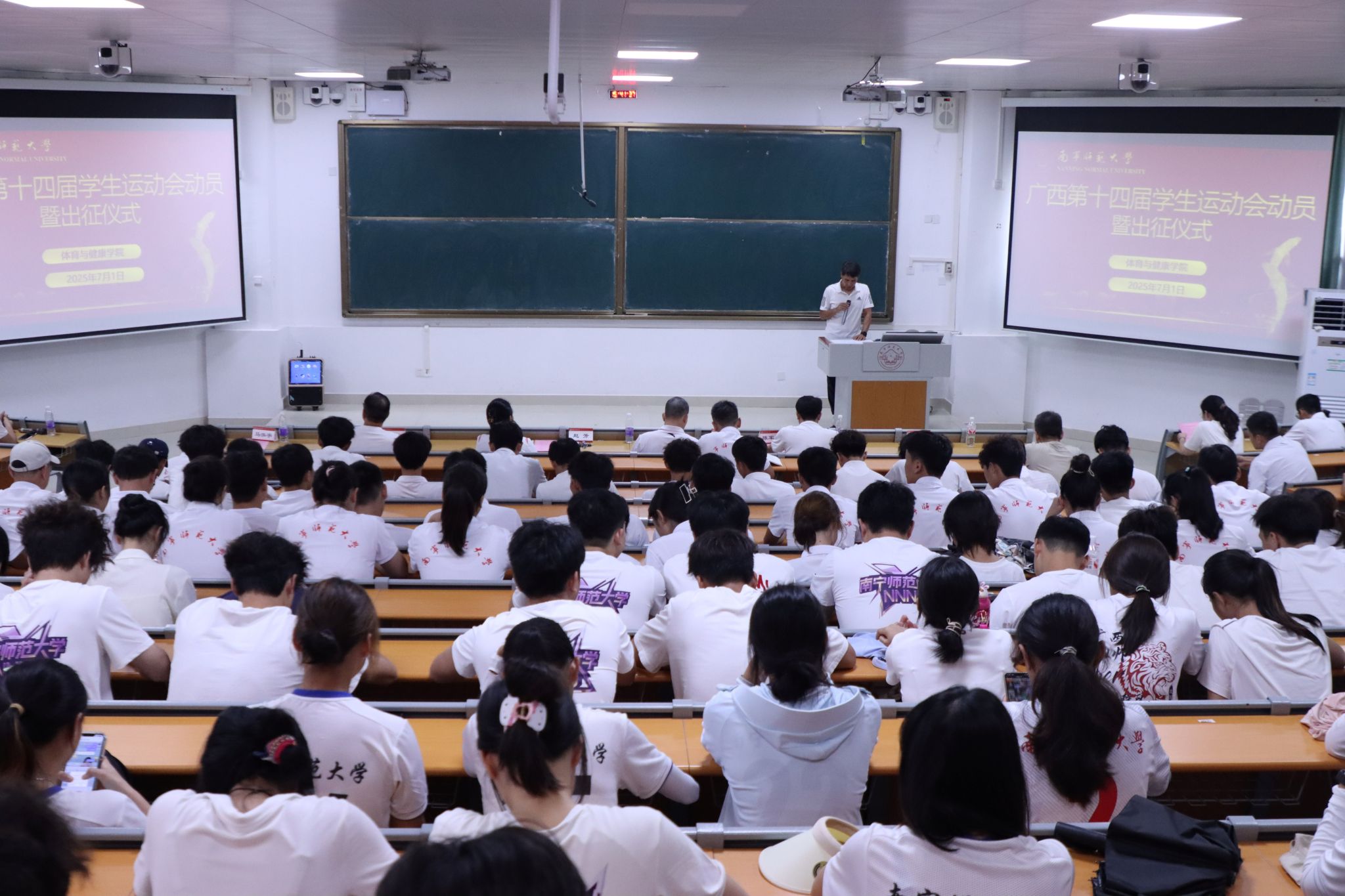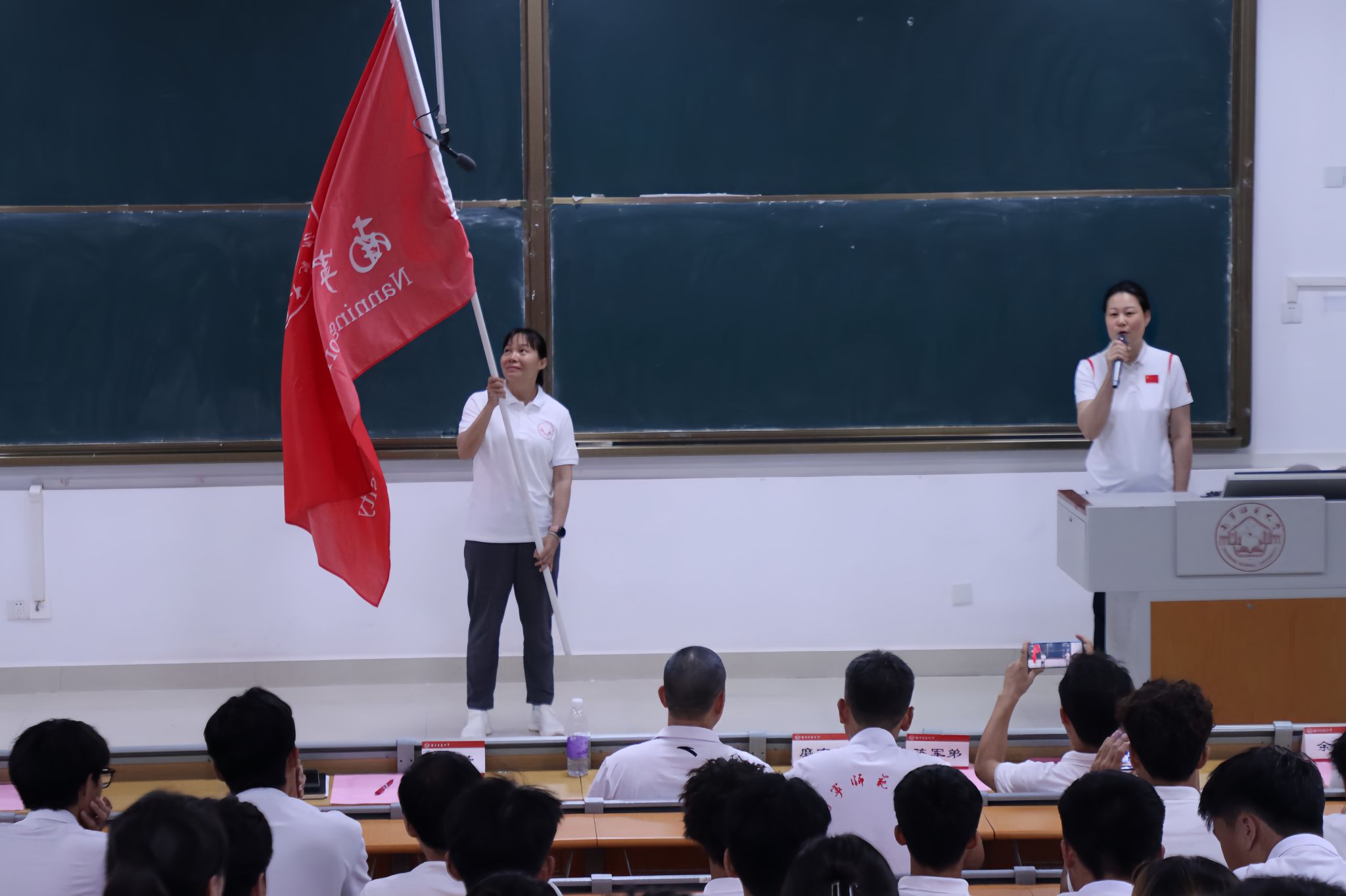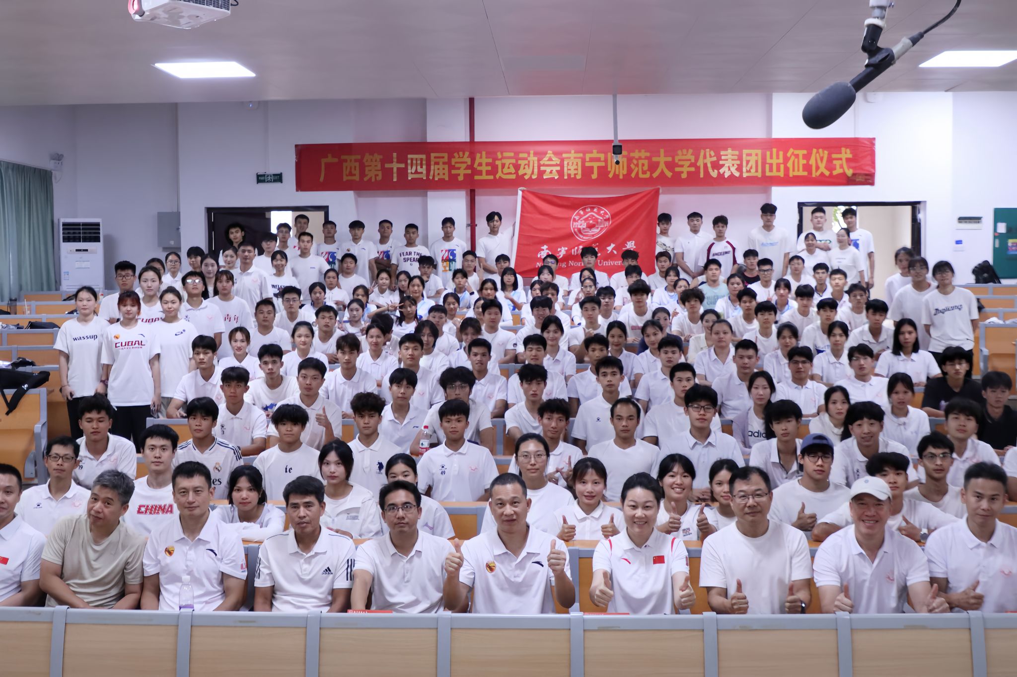 授旗仪式将现场气氛推向高潮——赵芳经理将象征使命与荣誉的校旗授予代表团。现场师生深受曾获世界冠军、创造国家纪录的“亚洲第二代女飞人”严剑葵老师奋斗历程的激励。旗帜在手,使命在肩。随着赵芳经理宣布“广西第十四届员工运动会william威廉英国官网代表团——出征”,全场斗志昂扬。会议最后,主持人马泓宇最后提醒运动员们务必妥善安排学期末考试与请假事宜,做到学习训练两不误。
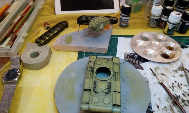 В качестве основного цвета траков использовал грунтовку A.MIG-2007 Tracks Primer. Для придания им запыленности использовал пигменты AMMO MIG и ZIP Maket оттенков земли и пыли. Для закрепления пигментов использовал жидкость AMMO MIG A.MIG-1400 Kursk Soil.
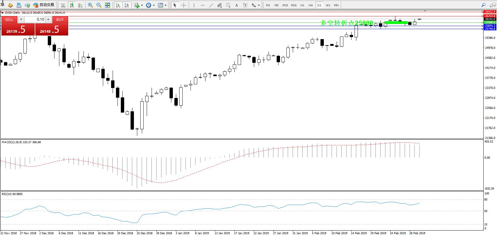 道琼斯工业平均指数收涨110.32点,涨幅0.43%,报26026.32点。道指结束连涨九周的表现,纳指连涨10周创1999年后期以来最长连涨周数,美国股市收高,道琼工业指数结束三日连跌的颓势,因市场乐观预计中美将达成贸易协议,这盖过美国和中国制造业数据疲弱带来的拖累。在美国总统特朗普上周末宣布推迟上调中国输美商品关税后,特朗普和中国国家主席习近平可能最早於3月中举行峰会,签署一份最终的贸易协议。
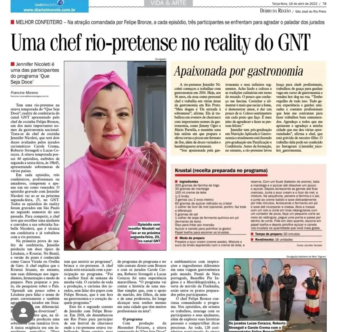 Já participou de diversos programas de TV, apresentando seu trabalho e encantando o público com pratos autorais e técnicas impecáveis.
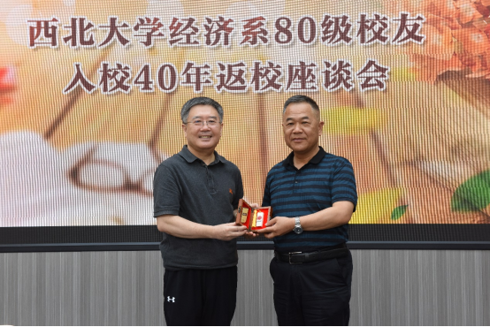 郭立宏代表学校向员工们赠送了纪念印章,对经济系80级返校员工表示热烈欢迎,并对员工们多年来关心和支持学校事业发展表示衷心的感谢。他深情回顾了与员工们在校期间共同求学的难忘经历和开心的校园时光,向员工们介绍了学校“十三五”期间取得的发展成就,并对“十四五”学校事业发展进行了展望,希望员工们一如既往地关心和支持学校建设,继续助力学校事业发展。
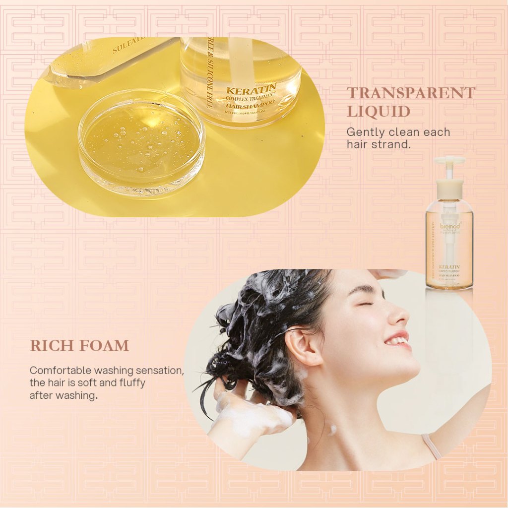 Bremod Premium Hair Keratin Complex Treatment Shampoo Conditioner Care Sulfate Silicone Free 350ML
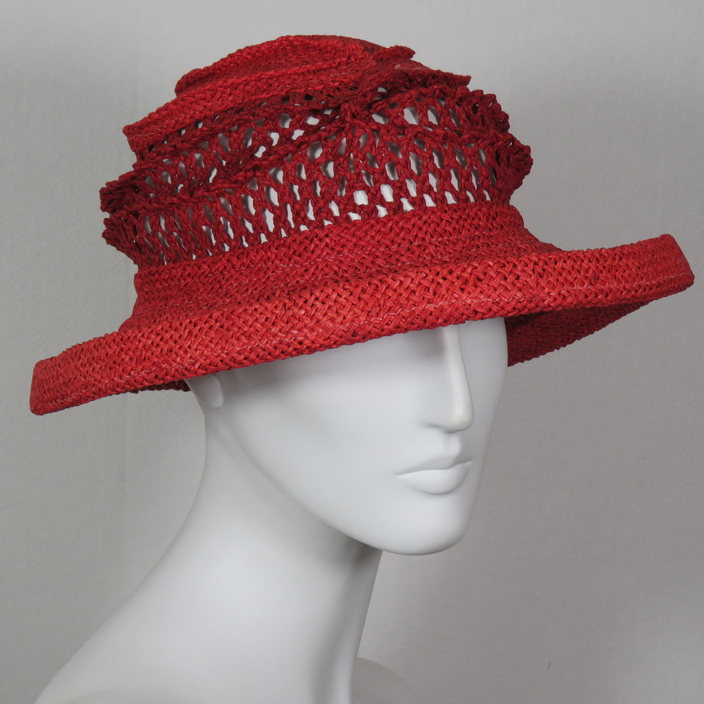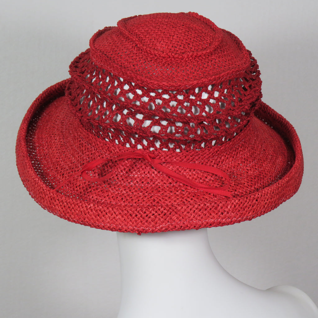 Lido, Red with open mesh side. 11.5-inch diameter, 3-inch brim. Size small only. Adjustable size by tightening the cord around the crown. Packs flat for travel. Designed and handcrafted in the USA by Tracy Thomson, Kabuki Design Studio.
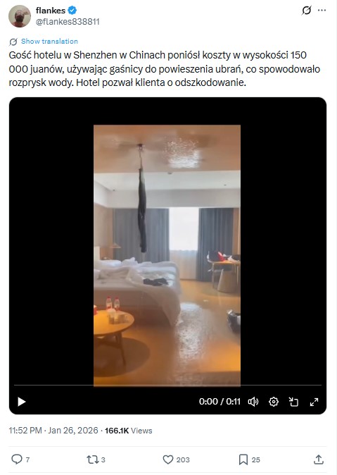 A hotel guest in Shenzhen, China, has been billed 150,000 yuan (around USD 21,000) after causing extensive water damage by using a fire-suppression sprinkler as a makeshift clothes rack. Seeking a convenient spot to dry laundry, the guest hung damp garments on the sprinkler head, inadvertently triggering its heat-sensitive mechanism.
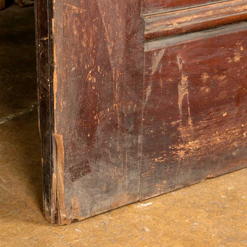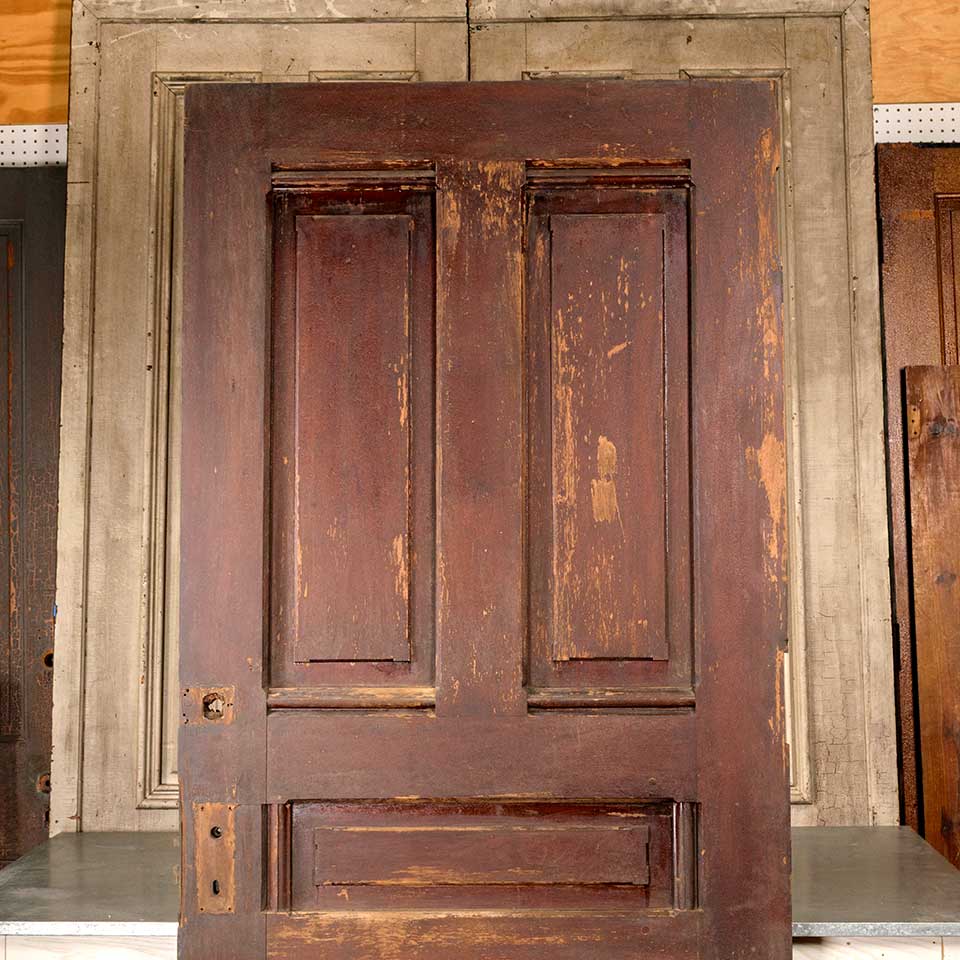 Architectural salvage antique five panel wood interior door measuring approx. 39 3/4" wide x 88 5/8" tall x 2" thick. There's some wood loss along the closing edge of the door and a crack in the wood near the mortise lock on one face of the door. See photos to evaluate condition.

|---|

**Problem details:** Would you copy out, exactly and with no pictures, only the lines above from the one that contains "В качестве основного" through the one that contains "道琼斯工业平均指数收涨110"?

**Worked solution:**
 В качестве основного цвета траков использовал грунтовку A.MIG-2007 Tracks Primer. Для придания им запыленности использовал пигменты AMMO MIG и ZIP Maket оттенков земли и пыли. Для закрепления пигментов использовал жидкость AMMO MIG A.MIG-1400 Kursk Soil.
 道琼斯工业平均指数收涨110.32点,涨幅0.43%,报26026.32点。道指结束连涨九周的表现,纳指连涨10周创1999年后期以来最长连涨周数,美国股市收高,道琼工业指数结束三日连跌的颓势,因市场乐观预计中美将达成贸易协议,这盖过美国和中国制造业数据疲弱带来的拖累。在美国总统特朗普上周末宣布推迟上调中国输美商品关税后,特朗普和中国国家主席习近平可能最早於3月中举行峰会,签署一份最终的贸易协议。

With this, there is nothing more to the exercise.